Imperfect
“Forgiveness means giving up all hope for a better past.”
Sometimes I actually hear the click of it snapping into place. When, in moment of clarity, a thing that I’ve known intellectually suddenly becomes vast understanding. The sound accompanies the proverbial light bulb, incandescent over my head, powered by a surge of deep and profound comprehension.
There is a gulf of meaning between the words ‘know’ and ‘understand.’ Knowing something is simple. You learn it from a book, from another person, from the internet. Facts, bits of rote knowledge, items on a list to be regurgitated on a test. A known thing is known in our ego, in our conscious mind, described with words or charts or images.
Understanding is felt and experienced at every primitive layer of our psyche: it is seen, touched, heard, smelled, and tasted. There is emotion and a palpable sense of connection from the ancient and unconscious realms of the self. It is the difference between reading a book about the Sistine Chapel and seeing it in person. Only when you sit in rapt immobility on the worn benches whilst your eyes lovingly caress each curve and nuance of Michelangelo’s sublime figures — alive with breath and movement in their stillness — can you fully appreciate the depth of the experience in ways that transcend mere words on a page.
I was reading a book on a train from Portland to Seattle when I heard the click. In the space of a moment I immediately FELT with full realisation what I thought I had known but never understood.
I’d been working on my trauma for about a year at this point. I was deep in newfound personal knowledge, having gained incredible insight into my past through the miracle of MDMA-assisted psychotherapy. But I was still lacking in the profound understanding necessary to move along the path towards true wellness. I knew what had happened, I could see some of the ways the traumas had impacted my behaviour and thinking, but at this point I actually understood very little of it.
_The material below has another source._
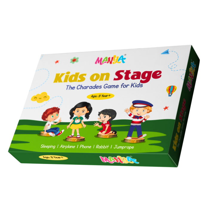 Kids on Stage by Manya is a delightful charades game designed specifically for children aged 3 years and above. This game encourages kids to express themselves through actions and imagination, making it perfect for playdates, classrooms, or family game nights. Each turn lets children act out various prompts like “Sleeping,” “Airplane,” “Rabbit,” and more, helping them build confidence, communication skills, and motor coordination. With colorful illustrations and child-friendly themes, this game offers endless fun while supporting early childhood development.

When I stepped onto that train I was still looking for a cure. I thought that one day, if I were a good boy and worked hard and did all the things my therapist told me to and ate all my vegetables and went to bed on time, I would wake up and be ‘fixed.’ I held an image in my mind of a fully and completely healed me: a me without the scars of trauma, or the loss of hope and self-worth, that could show up in an innocent and uninjured way to the world.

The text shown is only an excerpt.